Paper-to-Agent: The second layer of the four-layer taxonomy. Converts papers from passive summaries into callable MCP tools or Python modules. Stanford Paper2Agent is the canonical example (Ch2, Ch8).

PGR (Performance Gap Recovered): An evaluation metric for weak-to-strong generalization. AAR reached 0.97 versus a human baseline of 0.23, but the Sonnet-4 transfer was not statistically significant (Ch7, Ch8).

R

RAG (Retrieval-Augmented Generation): The baseline pattern that retrieves chunks from a vector database at query time and injects them into the LLM. The contrast against which LLM Wiki defines itself — LLM Wiki performs synthesis at ingest time and maintenance time (Ch4).

S

Sakana The AI Scientist: Sakana AI's end-to-end AI Scientist system. v1 (arXiv:2408.06292, 2024-08) is the tail-tracking origin of this survey; v2 (arXiv:2504.08066, 2025-04) adds agentic tree search and an ICLR workshop submission (Ch3, Ch7).

SDL (Self-Driving Lab): A wet-lab system that automates experiment-protocol generation, robot execution, and result collection. King's Adam (Science 2009) was the first case; RoboChem-Flex 2026 is an LLM-integrated successor (Ch9, Ch12).

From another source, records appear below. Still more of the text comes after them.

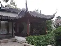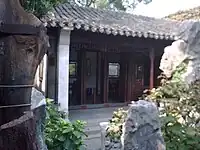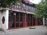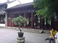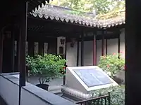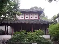 A complex and unique structure composed of a courtyard, open 3 bay hall, and covered corridor which functions as a single space. The courtyard is planted with two trees symbolizing jade (Magnolia soulangia) and gold (Osmanthus fragrans), a sign of prosperity. The entry to this space is marked by a tablet inscribed by Deputy Prime Minister Zhu Boqi which read, "Paradise on Earth".[2] |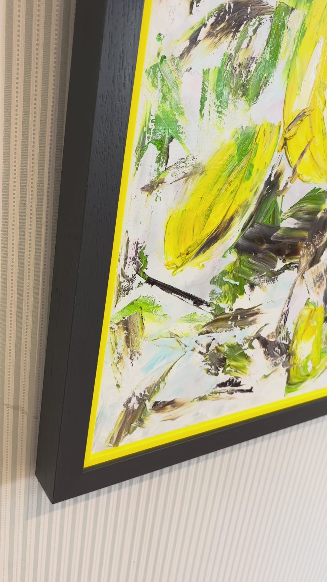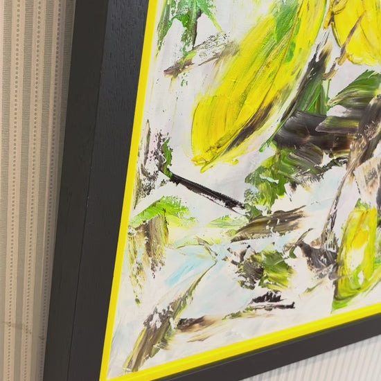 Bursting with colour and texture, this bold oil painting by Sabina Nealon will bring joy and energy to any space. Finished with a simple dark frame and bright yellow slip for added punch.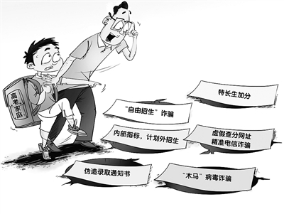 每年高招录取期间,总有不法分子利用考生和家长急迫心情,设局诈骗。有关部门提醒家长谨防所谓“分不够,钱来凑”的虚假招生承诺,以及“内部指标”、虚假查分网址等诈骗手段。
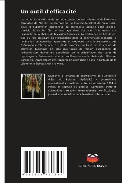 La recherche a été menée au département de journalisme et de littérature étrangère de l'Institut de journalisme de l'Université d'État de Biélorussie, sous la supervision scientifique du professeur associé Boris Zaleski. L'article étudie le rôle du reportage dans l'espace d'information sur l'exemple de la chaîne de télévision Euronews. La pertinence de l'étude est due au rôle croissant de l'information dans la communauté mondiale, à l'utilisation de nouvelles approches et méthodes dans la couverture des événements internationaux. L'étude examine l'activité de la chaîne de télévision Euronews en tant que sujet de l'Union européenne de radiodiffusion, évalue les spécificités de la présentation des types de reportages « événements » et « problèmes » sur la chaîne de télévision Euronews. L'applicabilité des rapports de cette chaîne dans le contexte de la télévision biélorusse est analysée.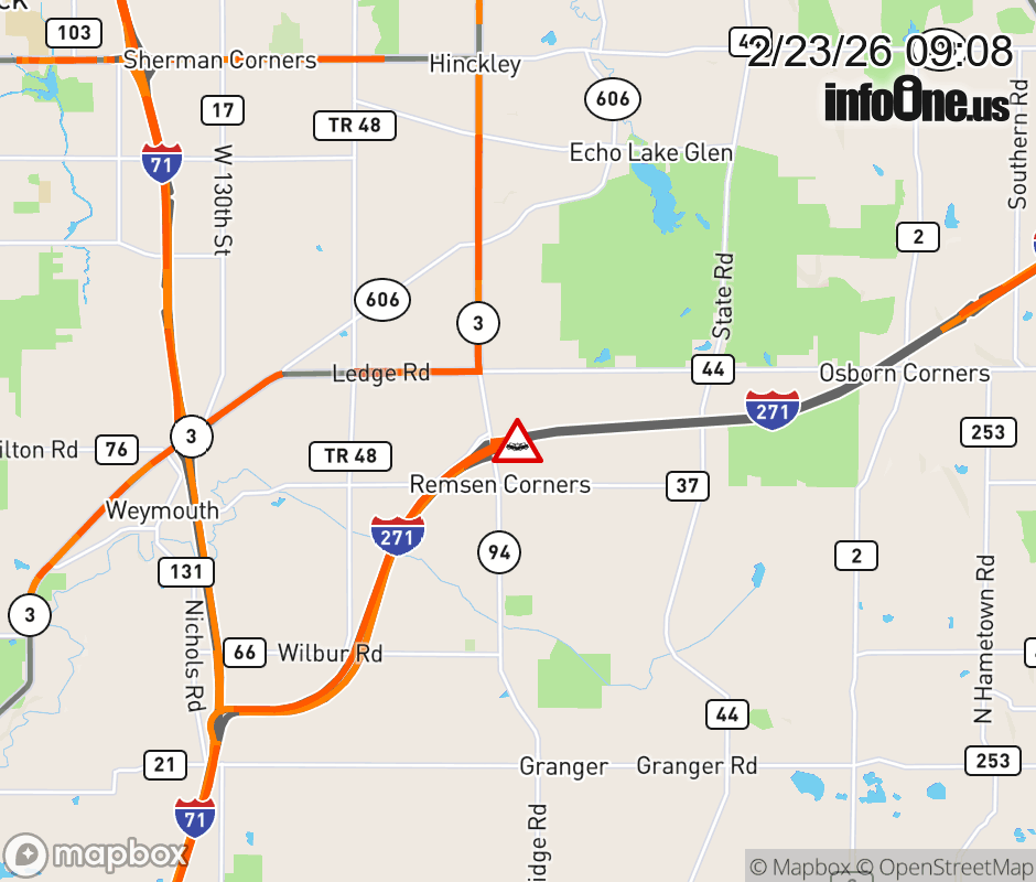 The left shoulder is blocked on I-271 North beyond SR-94, due to a crash. ![]() |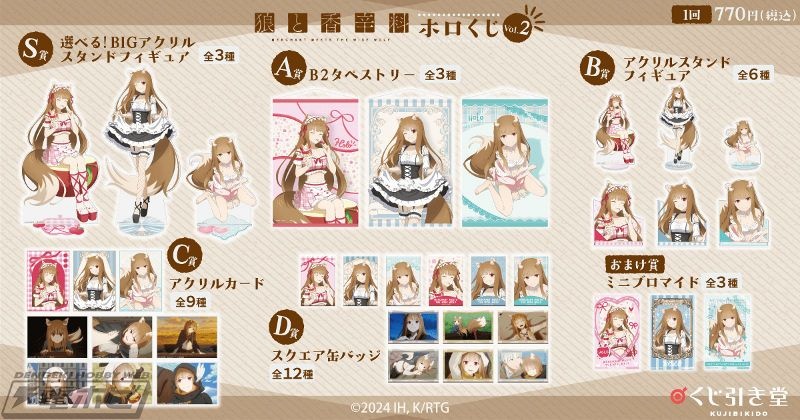 KADOKAWAが運営するオンラインくじサービス「くじ引き堂」に、TVアニメ『狼と香辛料 MERCHANT MEETS THE WISE WOLF』のオリジナルグッズが手に入る「「狼と香辛料 MERCHANT MEETS THE WISE WOLF」ホロくじ Vol.2」が登場! 2025年8月20日(水)12時より販売開始です。

subagent: A specialized assistant in Claude Code with its own context window, system prompt, and tool access. Performs task-specific workflows (Ch10).

W

wiki rot: The degradation of an LLM Wiki over time through incorrect summaries, stale knowledge, and lost provenance. Empirical corpus as of this survey: n=2 (aimaker n=1 + Yu critique) (Ch6).

worked example (recursion): The meta moment in which the tools Terry used to produce this survey (Obsidian × terryum.ai × Claude Code/Codex × terry-surveys monorepo) simultaneously become the worked example of Chapter 11 (Ch11).

6-Level Maturity

L0 through L6: Six maturity levels for using AI research tools. L0 one-shot summarization → L1 Research Assistant → L2 LLM Wiki → L3 Paper-to-Agent → L4 Agentic Research Associate → L5 Dry-lab AI Scientist → L6 Wet-lab AI Scientist (Ch3, Ch12).